# Discovery Gardens Vs JLT



## Dashti (Jun 13, 2011)

Hi Guys

I will be shifting to Dubai and working in Jebel Ali FreeZone, I have been looking around for a one bedroom apartment and still did not make up my mind if to go ahead with Discovery Gardens or JLT?

I would love to stay in a clean, modern and cozy place.

What do you guys think?


----------



## Rutilius (Jan 22, 2011)

We would need more information than that to give you an opinion.


----------



## Dashti (Jun 13, 2011)

Rutilius said:


> We would need more information than that to give you an opinion.


What kind of information would you need? 

I will give you as much information as possible, if you can give me tips on the kind of stuff I have to look around for?


----------



## indoMLA (Feb 6, 2011)

Dashti said:


> What kind of information would you need?
> 
> I will give you as much information as possible, if you can give me tips on the kind of stuff I have to look around for?


Family or single?
High/Low floor
Amenities needed (gyms, shopping, playgrounds, etc.)
Have a car?
Your budget?

That sort of thing.


----------



## Dashti (Jun 13, 2011)

indoMLA said:


> Family or single?
> High/Low floor
> Amenities needed (gyms, shopping, playgrounds, etc.)
> Have a car?
> ...


I would prefer high floor (so i dont get a lot of noise and i guess its a better view)
I would prefer a gym, shopping and gorcery would be important.
Yes i do have a car
my budget ais around 40K/year


----------



## Tropicana (Apr 29, 2010)

Dashti said:


> I would prefer high floor (so i dont get a lot of noise and i guess its a better view)
> I would prefer a gym, shopping and gorcery would be important.
> Yes i do have a car
> my budget ais around 40K/year


you wont get high rises in Discovery gardens

But its hard to get 1 bed in JLT in 40, a decent 1 bed will set you back at least 45-50k


----------



## Dashti (Jun 13, 2011)

Tropicana said:


> you wont get high rises in Discovery gardens
> 
> But its hard to get 1 bed in JLT in 40, a decent 1 bed will set you back at least 45-50k


The apartments in Discovery garden i heard are much bigger...but the JLT lifestyle is more posh is that true?

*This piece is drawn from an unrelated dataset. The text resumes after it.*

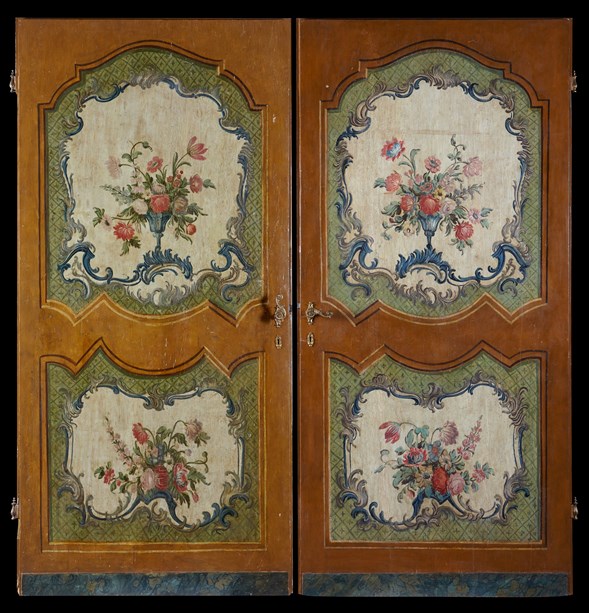 A pair of 18th-century lacquered and painted wooden panels (cm 102x205) (defects, mounted on modern doors)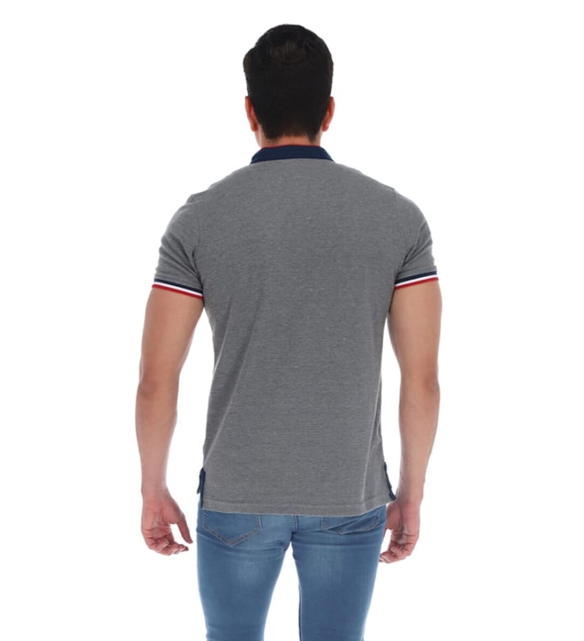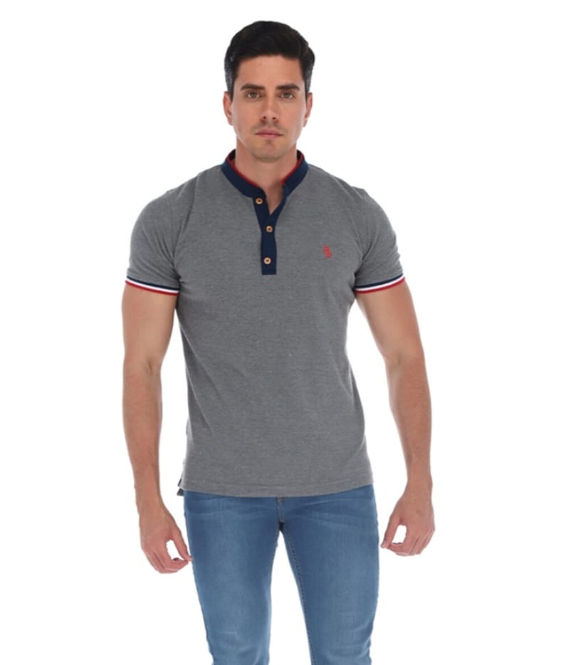 • Manga corta, cuello y puños tipo cárdigan a contraste de color

About Discovery Gardens is it okay to live in meaning will it make me live the Dubai dream?


----------



## dizzyizzy (Mar 30, 2008)

Dashti said:


> The apartments in Discovery garden i heard are much bigger...but the JLT lifestyle is more posh is that true?
> 
> About Discovery Gardens is it okay to live in meaning will it make me live the Dubai dream?


Neither JLT not Discovery are what I would call 'posh' but if those are your only choices I'd go for JLT.


----------



## Gavtek (Aug 23, 2009)

Some of the buildings in JLT are really nice and they're doing a lot of landscaping work in the area.

Discovery Gardens is one big cesspit.


----------



## Dashti (Jun 13, 2011)

Gavtek said:


> Some of the buildings in JLT are really nice and they're doing a lot of landscaping work in the area.
> 
> Discovery Gardens is one big cesspit.


Okay! so what i understand is JLT will give me the better and higher quality libing style that I am looking for.

Do you have any agent recommendations?
Do the apartments come with frdige, oven etc?


----------



## indoMLA (Feb 6, 2011)

Have you been there before? Go and drive JLT as the only one entrance and exit bothers the crap out of me, but if the rent is cheap enough and the living is good, then I could overlook it (maybe).


----------